The End of an Era: Goodbye Penny, Hello Inflation!
The United States is bidding farewell to the penny, with the Philadelphia Mint striking its last batch of one-cent coins after over 230 years of production. This historic moment is driven by rising production costs—pennies now cost nearly four cents to create. As President Donald Trump noted in February, this decision aims to ‘rip the waste out of our nation’s budget,’ with expected savings of about $56 million annually.
Despite the penny’s departure from minting, it will still remain in circulation; however, businesses are already starting to adjust prices as the tiny coin becomes increasingly scarce. The Treasury Department estimates that approximately 300 billion pennies will still be in circulation, which is significantly more than necessary for everyday commerce. Remarkably, about 60% of coins in circulation are simply stashed away in homes, accumulating value of about $60-$90 per household.
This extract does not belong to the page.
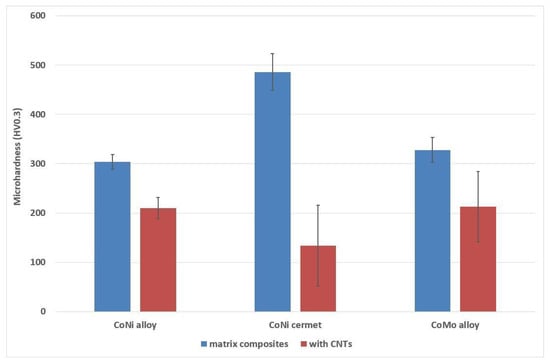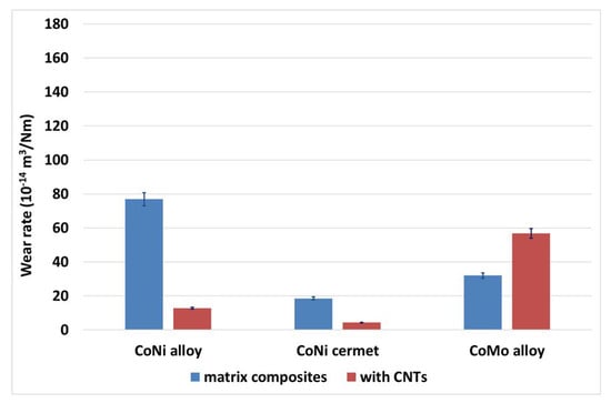 In Figure 12, the specific wear rates of the coatings are shown. In the case of CoNi alloy, wear rate was reduced significantly by the addition of CNTs, in the range of 80%, from 76.96 × 10−5 mm3/Nm to 12.77 × 10−5 mm3/Nm, while CoNi cermet coatings (with and without CNTs), exhibited the lowest wear rate, taking values of 3.89 × 10−5 mm3/Nm and 18.56 × 10−5 mm3/Nm, respectively, also resulting in almost an 80% decrease. In contrast, CoMo alloy coating exhibited the opposite behavior. The addition of CNTs led to an increase in wear rate of about 78%. This is probably due to cohesion deterioration by the inhomogeneous nanotubes’ distribution within the coating mass.
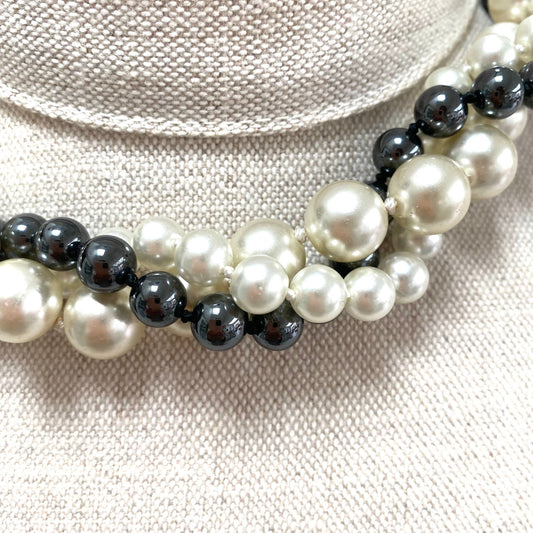 Heavy Hand Knotted Glass Pearl and Hematite Twisted Three Strand Necklace

Consumers might want to prepare for possible changes as businesses start rounding prices, with studies suggesting that this shift could increase overall costs for shoppers by about $6 million annually. Other countries, such as Canada and Australia, have previously retired their low-value coins, showing a global trend in phasing out less useful currency.
As the conversation turns to the nickel, which costs nearly 14 cents to produce, the implications of retiring it could lead to an even larger financial impact on consumers, estimated to be a potential $55 million loss per year. This change reflects an evolving landscape where digital transactions gain momentum, diminishing the relevance of low-value coins.